Some data source (either a dataloader or a dataset) must be provided
or an InvalidArgument exception is raised.
Parameters
----------
model : SomeModel
Maite Model object.
metric : SomeMetric | None, (default=None)
Compatible maite Metric.
dataloader : SomeDataloader | None, (default=None)
Compatible maite dataloader.
dataset : SomeDataset | None, (default=None)
Compatible maite dataset.
batch_size : int, (default=1)
Batch size for use with dataset (ignored if dataset=None).
augmentation : SomeAugmentation | None, (default=None)
Compatible maite augmentation.
return_augmented_data : bool, (default=False)
Set to True to return post-augmentation data as a function output.
return_preds : bool, (default=False)
Set to True to return raw predictions as a function output.
Returns
-------
tuple[dict[str, Any], Sequence[TargetType], Sequence[tuple[InputBatchType, TargetBatchType, DatumMetadataBatchType]]]
Tuple of returned metric value, sequence of model predictions, and
sequence of data batch tuples fed to the model during inference. The actual
types represented by InputBatchType, TargetBatchType, and DatumMetadataBatchType will vary
by the domain of the components provided as input arguments (e.g. image
classification or object detection.)
Note that the second and third return arguments will be empty if
return_augmented_data is False or return_preds is False, respectively.
print(predict.__doc__)
Make predictions for a given model & data source with optional augmentation.
Some data source (either a dataloader or a dataset) must be provided
or an InvalidArgument exception is raised.
Parameters
----------
model : SomeModel
Maite Model object.
dataloader : SomeDataloader | None, (default=None)
Compatible maite dataloader.
dataset : SomeDataset | None, (default=None)
Compatible maite dataset.
batch_size : int, (default=1)
Batch size for use with dataset (ignored if dataset=None).

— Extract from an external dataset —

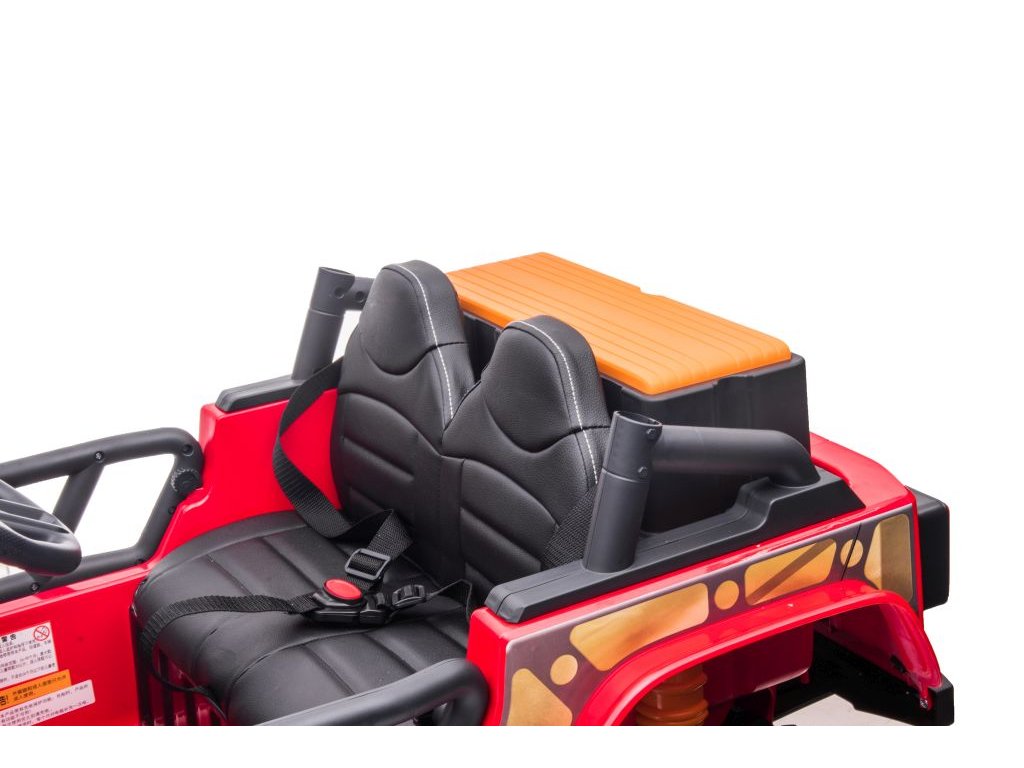 Autko na akumulator jeep 4Speed posiada cztery silniki o mocy 200W oraz baterię o pojemności 24V 7Ah. Autko wyposażone jest w panel muzyczny z wgranymi melodiami, wejścia USB oraz Bluetooth. Na kierownicy znajduje się klakson. Autko posiada przednie światła LED. Można je uruchomić za pomocą kluczyków, co od razu wywołuje charakterystyczne dźwięki silnika.
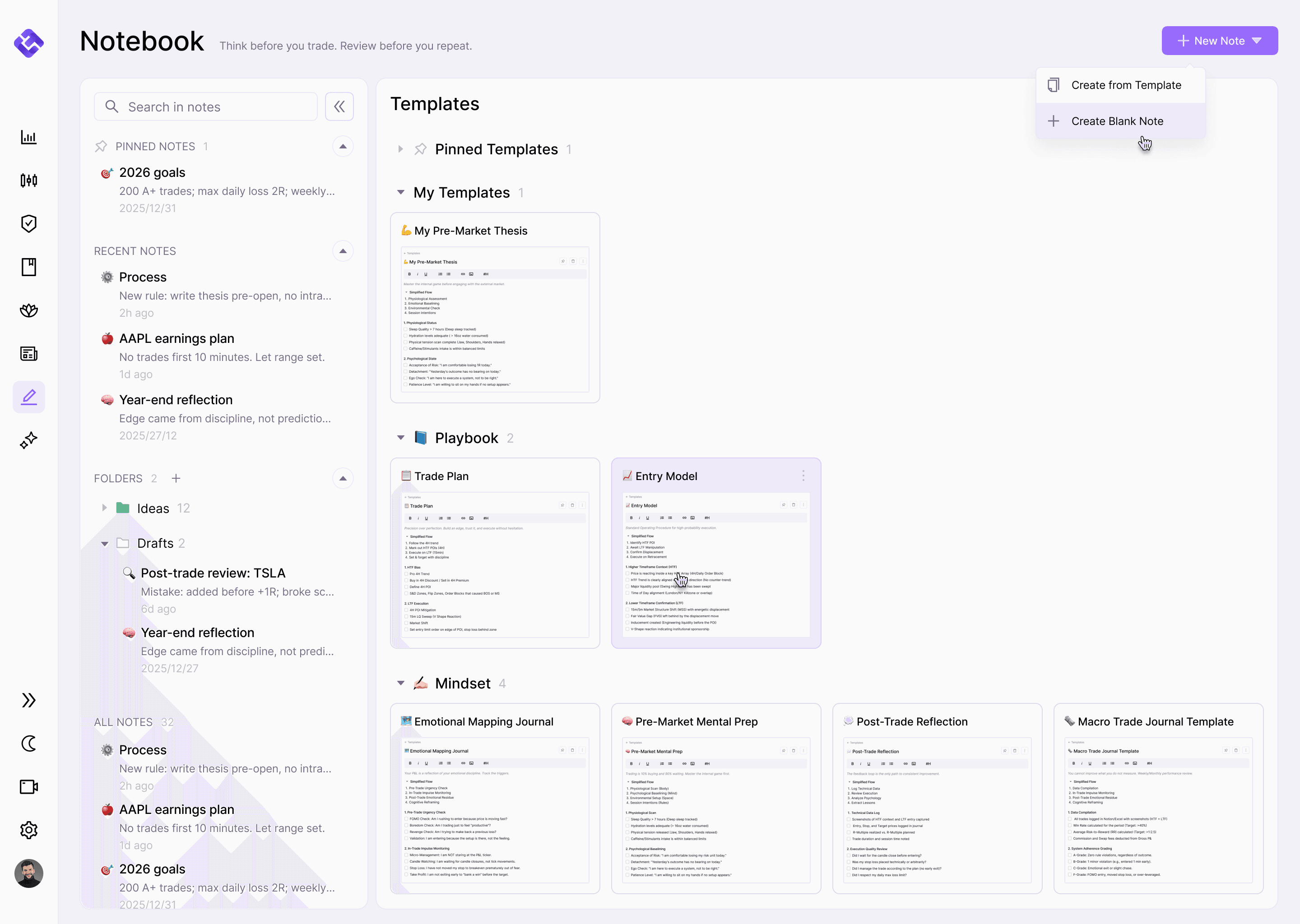 Everything you need to trade with discipline, in one place.

augmentation : SomeAugmentation | None, (default=None)
Compatible maite augmentation.
Returns
-------
tuple[Sequence[SomeTargetBatchType], Sequence[tuple[SomeInputBatchType, SomeTargetBatchType, SomeMetadataBatchType]],
A tuple of the predictions (as a sequence of batches) and a sequence
of tuples containing the information associated with each batch.